Manley heard several lectures in the days to follow that game--from his calming attorney Bob Woolf, from his sometime-adversary coach, Joe Gibbs, from his quiet, yet stern position coach, Torgy Torgeson, from his somewhat sympathetic “spiritual” guru, Pham Chopra. Manley has said he woke up a new man that next week, and the new Manley finally did wiggle free in the second Giants game last Sunday, recording his first four sacks of the season in a span of seven New York plays from scrimmage.

There are those here at Redskin Park who feel a good Dexter Manley is a Dexter Manley whose agenda is full all day, with little time to kill.

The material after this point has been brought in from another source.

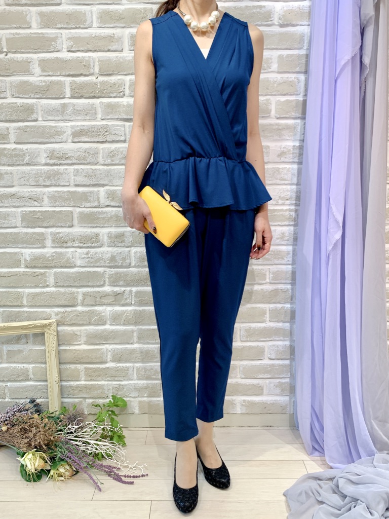 かっこいい印象にキマるジャンプスーツ。スカートタイプでは出せない大人っぽさや媚びないクールな雰囲気を楽しめます。カジュアルなパーティーやちょっとしたお食事会などにぴったり。こちらのパンツドレスは比較的丈も長めとなっておりますので、ロングドレス同様長身の方におすすめです。ウエストラインはゴム仕様で、締め付け感がなく着心地も抜群。スカートスタイルが苦手、ドレスアップスしたいけど脚を出したくない、そんな悩みをお持ちの方もパンツなら挑戦しやすいですね。シンプルなデザインなので年齢層を選ばず着用いただける1着です。羽織らないのが1番バランスが良いですが、ストールをさらっと羽織るとドレッシーなムードに。

“I used to go out and party,” Manley said. “And, at times, it would affect me like a roller coaster. . . . I knew I had the tools, but a lot of things were distracting me. Not that my priorities were in the wrong order, but I want to have a good time. I like the excitement . . . I still can have excitement, but I’ve got to control it.”

In the off-season, Manley ended up violating the league’s subsance abuse policy. He said he always has needed someone guiding him, and he said he first began losing his direction when his father, Carl, died during his freshman year at Oklahoma State University. “I had to make all decisions for myself, and I was 17, 18,” he said.

He said Pham Chopra, a native of India, a former alcoholic himself, is the closest thing to a father figure now. “I get good advice,” he said. They talk every day, either at his house or at Chopra’s house, and Manley speaks of illuminating candle ceremonies that soothe him.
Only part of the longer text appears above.